Virginia Barton

Annual Report on the Oxford Union Society Garden, Michaelmas 1988

 

Submitted to the Senior Officers of the Oxford Union Society 

Michaelmas Term 1988

 

Three-and-a-half years’ investment (modest), labour (strenuous) and attention (constant) are beginning to bear fruit in the Society’s garden.

Some improvements have been made since the Report of ‘87, two of the more significant being the replacement of the railings on the wall along St. Michael Street, and the paving of two areas most susceptible to wear and tear at the front entrance. Well aware that both these schemes cost money, I hope Members will admit they were well worth the expense.

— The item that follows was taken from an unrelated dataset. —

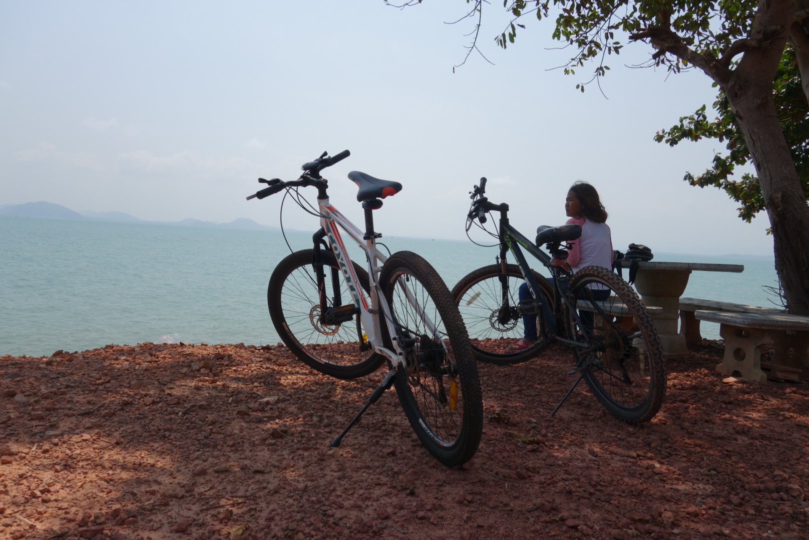 Bis zum späten Nachmittag radeln wir durch die Gegend und machen eine ewig lange Pause an einer Bank mit Meerblick.

Garden 4The Society may wish to consider what to do with the bald patch in front of the Steward’s house, bearing in mind the heavy wear this patch regularly suffers.

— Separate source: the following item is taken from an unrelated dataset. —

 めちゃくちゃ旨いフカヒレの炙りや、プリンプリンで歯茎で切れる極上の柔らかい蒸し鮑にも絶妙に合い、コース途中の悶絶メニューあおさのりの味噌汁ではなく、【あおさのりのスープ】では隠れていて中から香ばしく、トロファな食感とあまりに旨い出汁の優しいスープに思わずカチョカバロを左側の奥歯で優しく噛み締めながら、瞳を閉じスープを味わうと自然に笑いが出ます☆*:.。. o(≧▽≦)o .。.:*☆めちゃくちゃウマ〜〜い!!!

Needless to say, I would like to put two more schemes forward for your consideration. The first was mooted some time ago and concerns the erection of “matching” railings on the wall at the back of the Union (Frewin Yard) and a new, secure gate in the Woodward style. Mr. Bradbeer was asked to submit drawings.

The second was touched upon in last year’s Report but was shelved due to the urgency of paving the areas at the front entrance. It involves another area of paving, the “bulge” in the large bed adjacent to St. Michael Street. This space was once gravelled (and used for sitting out) which may account for the lamentable soil conditions here. A semi-circular paved space, backed by a small retaining wall and surrounded by a low stout wall, wide enough to sit on, would create a focal-point visually, and additional summer seating. The Hon. Gardener would be happy to explain this proposal on site.

Planting, on a long-term basis, is almost complete. The beds in front of the Old Library are now graced with skimmia and sarcocca – optimistic perhaps, considering the depth of the soil there, but one gardens as one travels, hopefully. I would request the sum of £200 to cover the cost of what, I sincerely hope, will be the last large outlay on plants and shrubs. The Society will wish to make an allowance for the replacement of those shrubs in Frewin Yard ravaged by the builders.

The many benefactors are recorded on the Viridarium, hanging in the bar. If this objet d’art is hung at readable height it will encourage les autres to step forward and cough up. The desire for a Monkey Puzzle is undiminished.

There has been an encouraging heightening of “garden awareness”. Both the dropping of litter and gratuitous vandalism have decreased during the last year. I write this before the Matriculation Drinks and Bonfire parties.

As always the Hon. Gardener wishes to record her thanks to the Presidents, their Officers, the Senior Officers, the office, bar and library staff, as well as to the benefactors mentioned above.